- **BRIEF**
Transcribe each entry exactly, without pictures.

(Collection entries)
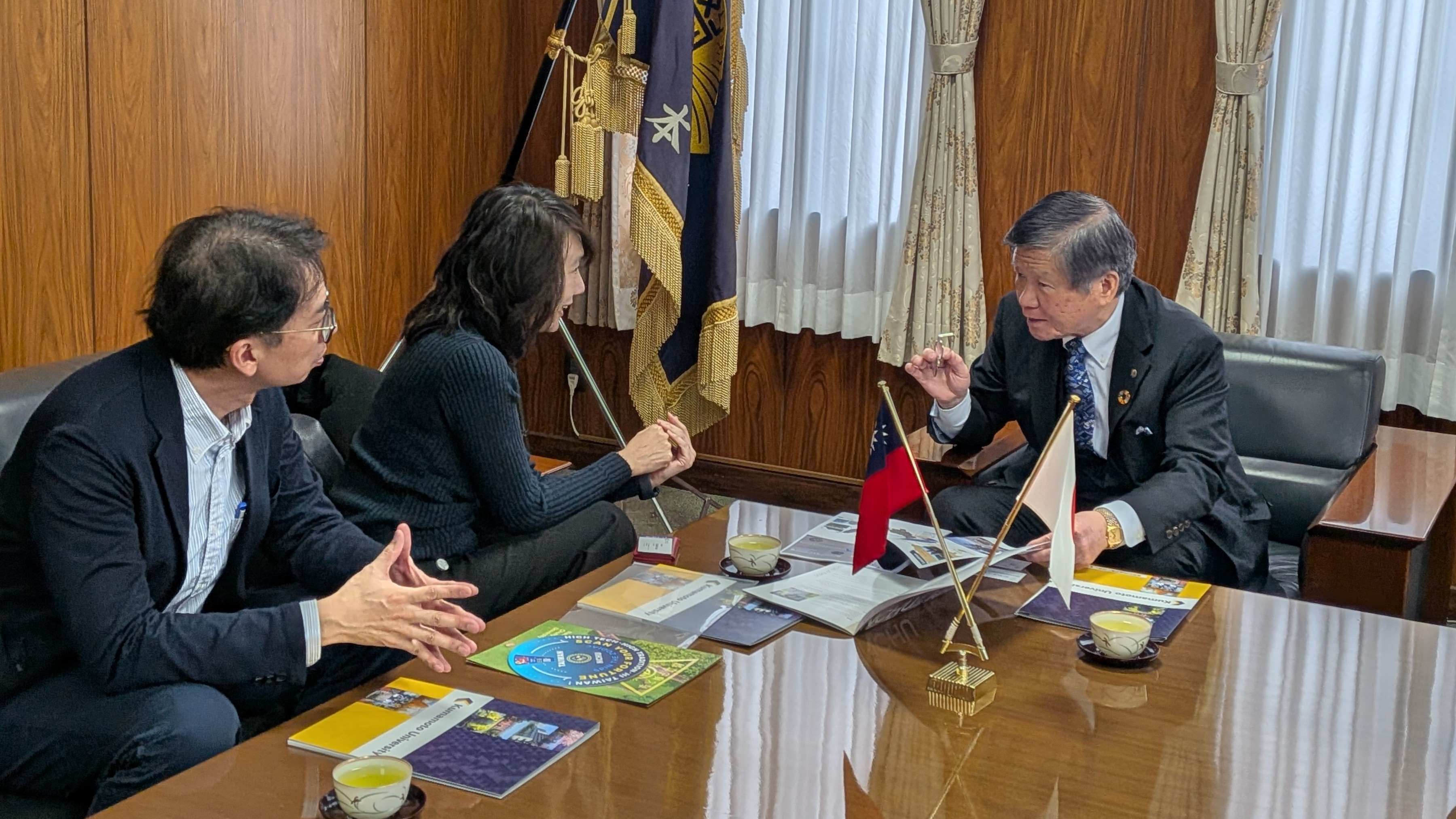 On January 27, 2026, a delegation from National Chung Hsing University (NCHU), Taiwan, visited Kumamoto University. The delegation was led by Distinguished Professor Mon-Shu Ho from the i-Center for Advanced Science and Technology (iCAST), as well as the Department of Physics and the Institute of Nanoscience, and Distinguished Professor Chih-Feng Huang from the same iCAST and Department of Chemical Engineering.The delegation paid a courtesy visit to Kumamoto University’s President, Hisao Ogawa, and held a meeting with Executive Vice President Jun Otani and other faculty members. During the meeting, they presented various student exchange programs, many of which are supported collaboratively by government, industry, and academia. They highlighted NCHU’s strengths and its focus on semiconductor talent development, expressing a strong desire to share these resources with Kumamoto University. The visit aimed to promote mutual collaboration and foster communication in the semiconductor field, particularly in human resource development.
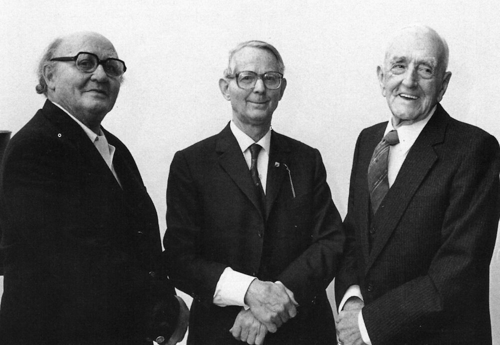 Otto Kaufmann (M.), mit dem Ründerother Künstler Otto Seeligmann (l.) und Ernst Heckmann, Bäcker und im Vorstand der Raiffeisenbank.
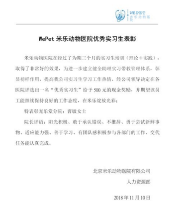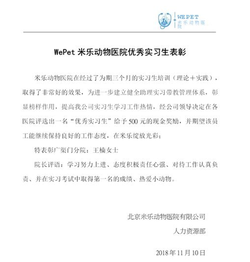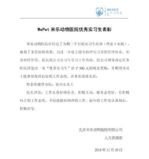 ▲实习生张可心获米乐动物医院优秀实习生表彰
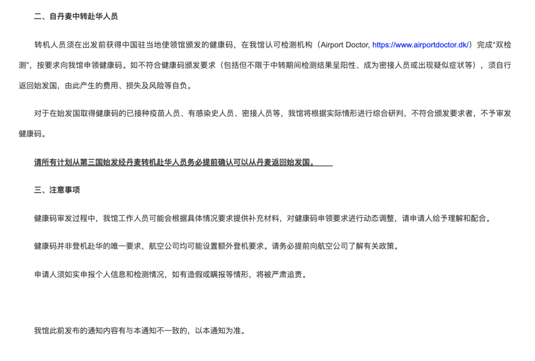 据悉,这篇通知中对于在丹麦当地转机赴华的旅行者有特别的提示,包括:
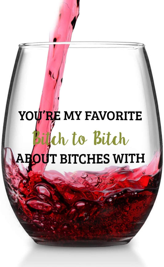 Set of 2 Wine Glasses You'Re My Favorite Stemless Wine Glasses for Girls Bachelorette Party Friends Women Her, 15 Oz
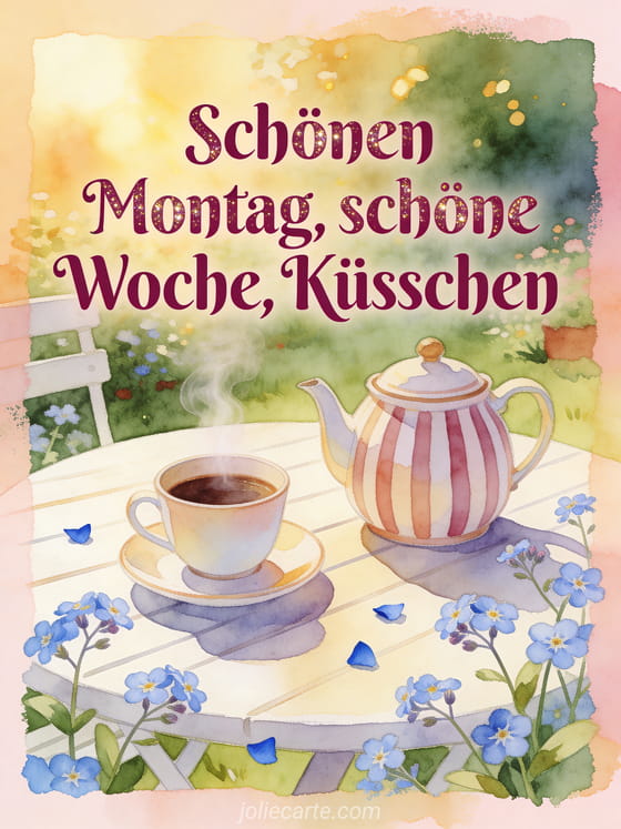 Beginne die Woche mit Vergissmeinnicht, blauen Blütenblättern, einer dampfenden Kaffeetasse und einer gestreiften Teekanne auf einem sonnigen Gartentisch. Dazu passen schöne Weihnachtswoche Küsse, Küsschen und schöne Woche oder Küsschen zum Montag schöne Woche.

- **SOLUTION TO THIS PROBLEM**
 On January 27, 2026, a delegation from National Chung Hsing University (NCHU), Taiwan, visited Kumamoto University. The delegation was led by Distinguished Professor Mon-Shu Ho from the i-Center for Advanced Science and Technology (iCAST), as well as the Department of Physics and the Institute of Nanoscience, and Distinguished Professor Chih-Feng Huang from the same iCAST and Department of Chemical Engineering.The delegation paid a courtesy visit to Kumamoto University’s President, Hisao Ogawa, and held a meeting with Executive Vice President Jun Otani and other faculty members. During the meeting, they presented various student exchange programs, many of which are supported collaboratively by government, industry, and academia. They highlighted NCHU’s strengths and its focus on semiconductor talent development, expressing a strong desire to share these resources with Kumamoto University. The visit aimed to promote mutual collaboration and foster communication in the semiconductor field, particularly in human resource development.
 Otto Kaufmann (M.), mit dem Ründerother Künstler Otto Seeligmann (l.) und Ernst Heckmann, Bäcker und im Vorstand der Raiffeisenbank.
 ▲实习生张可心获米乐动物医院优秀实习生表彰
 据悉,这篇通知中对于在丹麦当地转机赴华的旅行者有特别的提示,包括:
 Set of 2 Wine Glasses You'Re My Favorite Stemless Wine Glasses for Girls Bachelorette Party Friends Women Her, 15 Oz
 Beginne die Woche mit Vergissmeinnicht, blauen Blütenblättern, einer dampfenden Kaffeetasse und einer gestreiften Teekanne auf einem sonnigen Gartentisch. Dazu passen schöne Weihnachtswoche Küsse, Küsschen und schöne Woche oder Küsschen zum Montag schöne Woche.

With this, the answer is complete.